Do you think links submitted to social bookmarking sites are news? Join this discussion in the Facebook group Journalists and Facebook.

The Risks of Social Bookmarking:

In science writer David Bradley's blog Significant Figures, he provides 10 reasons bloggers should avoid social bookmarking. Among his concerns is the energy dedicated to this practice. He said instead of sending content to social bookmarking sites, organizations should focus resources on producing compelling original content to build loyal traffic. (Ironically, the Web site has a link to Shareomatic at the bottom of the post.)

A common criticism of social bookmarking: Once a user finds a story on Digg or Furl, he or she often won't come back to the source site.

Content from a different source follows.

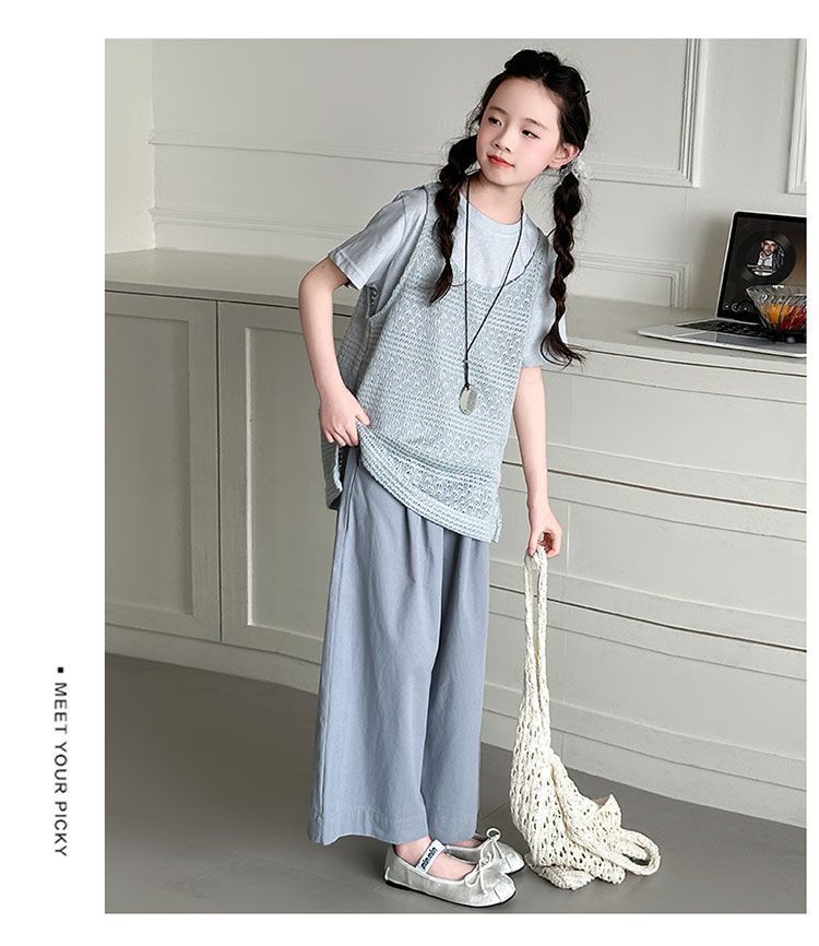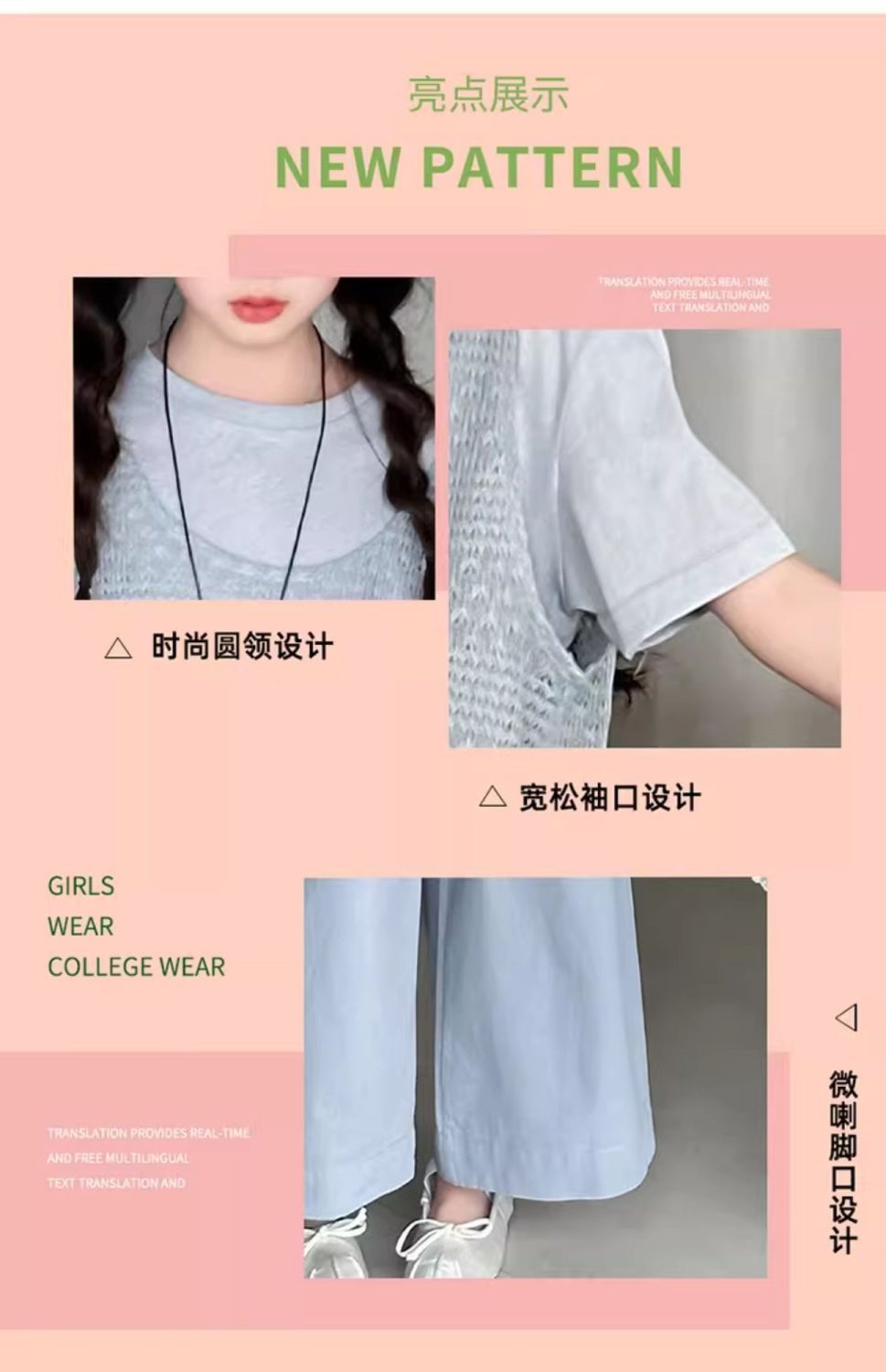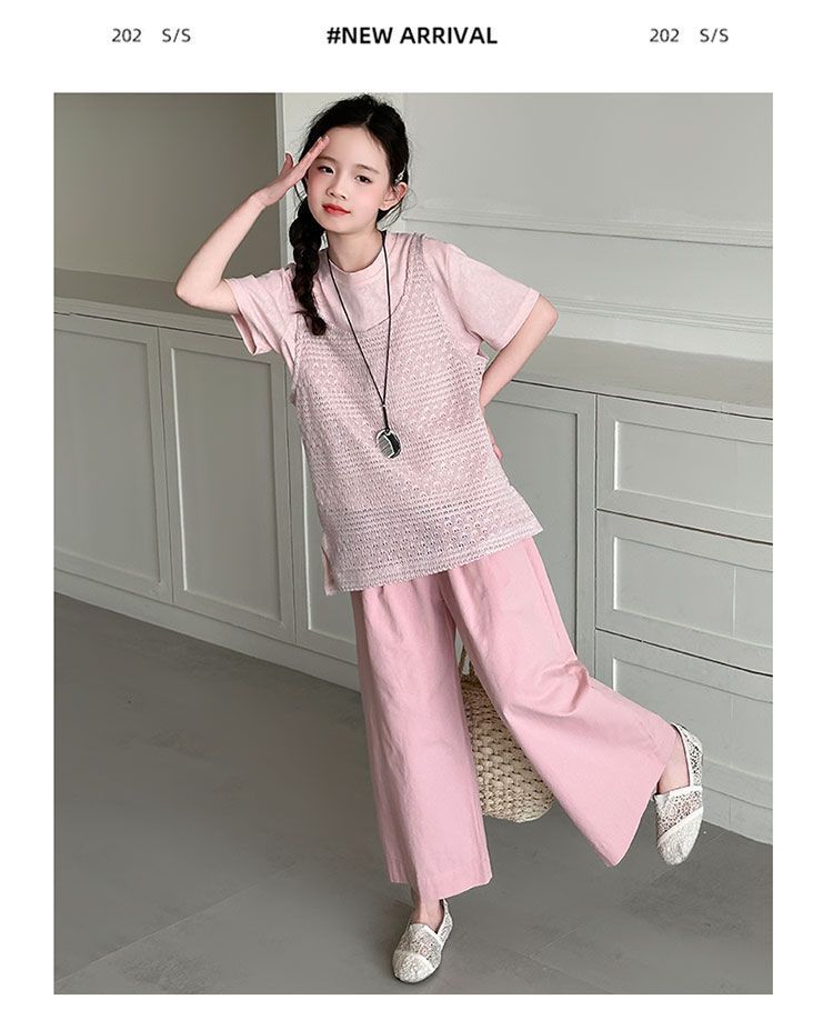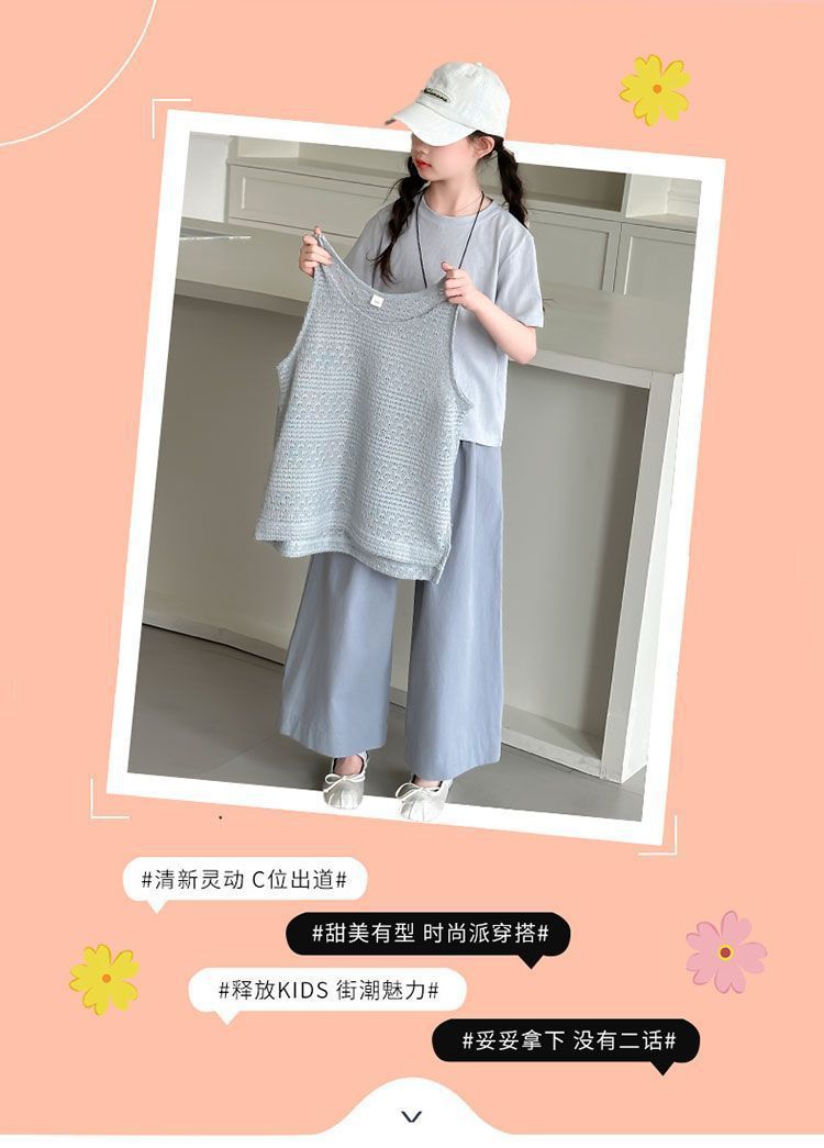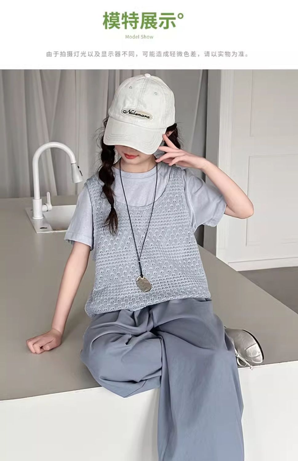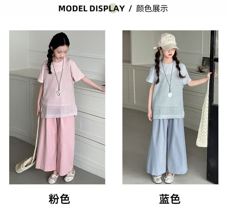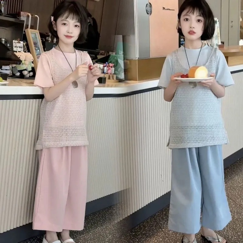 여아 여름 정장 2025 새로운 스타일 중대형 아동용 중공 조끼 한국 스타일 얇은 5부 소매 투피스스토어 가기

Darren Rowse, whose Web site ProBlogger aims to help bloggers make money, doesn't agree. He pitches 10 ideas on how to get users to come back to your site after they have found your content on a bookmarking site.

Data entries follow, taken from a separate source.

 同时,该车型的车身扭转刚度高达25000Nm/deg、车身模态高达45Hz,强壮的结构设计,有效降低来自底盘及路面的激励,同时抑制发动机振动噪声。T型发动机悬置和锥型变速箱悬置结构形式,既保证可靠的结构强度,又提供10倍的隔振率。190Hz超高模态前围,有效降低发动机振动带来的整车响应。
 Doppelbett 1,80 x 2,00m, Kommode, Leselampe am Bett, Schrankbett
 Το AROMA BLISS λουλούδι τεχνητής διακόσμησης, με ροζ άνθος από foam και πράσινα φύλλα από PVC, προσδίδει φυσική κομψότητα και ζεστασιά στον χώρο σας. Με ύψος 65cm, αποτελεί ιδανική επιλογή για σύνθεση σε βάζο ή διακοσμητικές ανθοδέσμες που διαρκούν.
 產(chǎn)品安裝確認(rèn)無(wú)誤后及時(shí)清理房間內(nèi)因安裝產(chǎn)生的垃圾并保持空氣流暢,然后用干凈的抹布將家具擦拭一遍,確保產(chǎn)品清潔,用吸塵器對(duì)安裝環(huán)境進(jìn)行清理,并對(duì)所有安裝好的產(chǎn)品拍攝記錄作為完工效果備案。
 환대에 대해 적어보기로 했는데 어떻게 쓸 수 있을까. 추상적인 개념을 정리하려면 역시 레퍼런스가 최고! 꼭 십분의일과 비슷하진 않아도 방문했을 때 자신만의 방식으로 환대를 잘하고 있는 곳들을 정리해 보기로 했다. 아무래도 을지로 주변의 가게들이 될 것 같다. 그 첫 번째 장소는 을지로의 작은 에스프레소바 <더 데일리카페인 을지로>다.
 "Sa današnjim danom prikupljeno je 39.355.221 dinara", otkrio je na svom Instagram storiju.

He also has some tips on how to build a "Digg culture" that can have a long-term effect. For example, he says you can increase traffic by driving new users to opt-in content like newsletter subscriptions and RSS (a feed to your site's headlines).

Since news organizations can't control what people submit, users could possibly send inaccurate content with typos, or even completely take the story out of context. Here's a discussion about some other concerns with social bookmarking.

Web sites usually appreciate unexpected spikes in traffic. But if your server isn't prepared, it can cause the site to go down. One link submitted to Digg tells you "how to know if your site will survive getting Dugg?"

What's Next?

Social bookmarking is a fragment of the much larger social networking/Web 2.0 world. Many news sites are just beginning to gain faith in these features, while developers create new applications with even more functionality each day.

Web designer Ben Hung sees these separate components
eventually melding to form a more integrated Web experience based on each user's connections, bookmarks and content from blogs.

There is a glimmer of this integration already. Social bookmarking sites direct users to a variety of Web resources in one place. And for even more "social context," some sites like
Mugshot, Pownce (created by Digg creator Kevin Rose) and OpenID provide a one-stop login to users' existing social networks — helping users create a single entry point to their Web world.

Providing users the means to add content to social bookmarking communities can potentially drive thousands of users to a news site. But getting content to bookmarking sites is only half the battle. Getting user to pay attention once its there is more important. Here are some tips on how to do that, including the use of catchy headlines, strong introductory paragraphs and interacting with readers.

Are social bookmarkers journalists? No. But they are volunteers who help to create a Web version of the Nielsen ratings. Constantly — and at no cost.